Die würde ich auch nicht nehmen, da ich finde, dass sie sich zu schnell zu sehr vermehren.


----------



## krniCat (5. Feb. 2017)

Hallo Zacky,

Danke für den Hinweis bezüglich der Goldfische. Kennst du eine Alternative, kleine Fische, die warmes Wasser aushalten?  In der Koi - Liga können und wollen wir nicht mitspielen.

LG Ruth


----------



## Zacky (5. Feb. 2017)

Nein, sorry. Ich bin auf dem Gebiet nun auch nicht so bewandert, um da vernüftige Empfehlungen auszusprechen, denke aber, dass gerade __ Kleinfische wie __ Moderlieschen oder Elritzen schon die günstigste Wahl wären. Viele Sorten sind die europäischen Wetterbedingungen gewöhnt und die kleineren Fische machen bestimmt auch weniger Dreck und somit Arbeit. Da hält sich auch der Filteraufwand bzw. überhaupt der technische Bedarf sicher in Grenzen.


----------



## Tottoabs (6. Feb. 2017)

krniCat schrieb:


> Kennst du eine Alternative, kleine Fische, die warmes Wasser aushalten?

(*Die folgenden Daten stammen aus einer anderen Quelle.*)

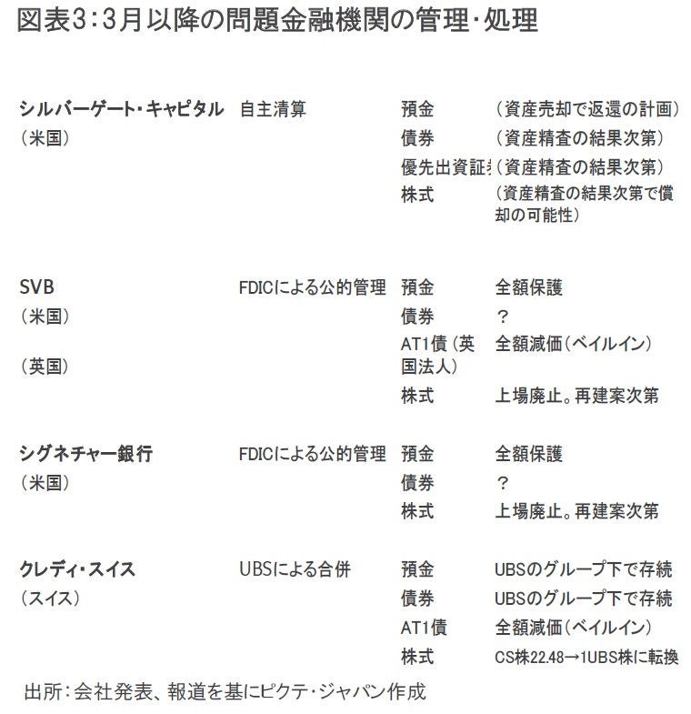 3月初旬以降の米欧金融機関の動揺で、これまで損失を被りつつあるのは、SVB英国法人とクレディ・スイスのAT1債保有者と、株価下落に見舞われた株式投資家である(図表3)。

Goldelrizen wenn es ein bisschen Bund sein soll. 
Oder Rundschwanzmacropoden. Die können, wenn es mal sehr warm wird und es eng mit dem Sauerstoff wird atmosphärische Luft atmen. 
https://www.hobby-gartenteich.de/xf/threads/nz-chinesischer-makropode-macropodus-ocellatus.43178/


----------



## krniCat (6. Feb. 2017)

Danke für den Hinweis, werden wir uns überlegen.


----------



## dizzzi (6. Feb. 2017)

krniCat schrieb:


> ...dann wird`s wohl ein Teich ohne Fische (vielleicht ein paar __ Goldfisch für die Kinder)...
> 
> LG Ruth


Sind Goldfische keine Fische? Man lernt nicht aus. .-)

Lg

Udo


----------



## marcus18488 (6. Feb. 2017)

Habt ihr massiven Fels oder brüchige Steinanhäufungen?


----------



## krniCat (6. Feb. 2017)

Wir haben brüchigen Kalkstein, trotzdem muss ein Bagger mit Meißel den Aushub erledigen.


----------



## Knoblauchkröte (9. Feb. 2017)

Hi Ruth,

wir haben hier auch jemanden mit nem Teich mitten im Mittelmeer (auf Pharos, ner griechischen Insel). Leider war Elfriede schon ne Weile net mehr aktiv

mit den "normalen"  kleinen Teichfischen die das Gro der hier aktiven in ihren mitteleuropäischen Teichen hat (__ Moderlieschen, Bitterlinge, Gründlinge, Goldelritzen, Regenbogenelritzen) siehts da unten jedenfalls Mau aus. Da kommen nur Fische aus subtropischen Klimaten in Frage die sauerstoffarmes Wasser gut vertragen.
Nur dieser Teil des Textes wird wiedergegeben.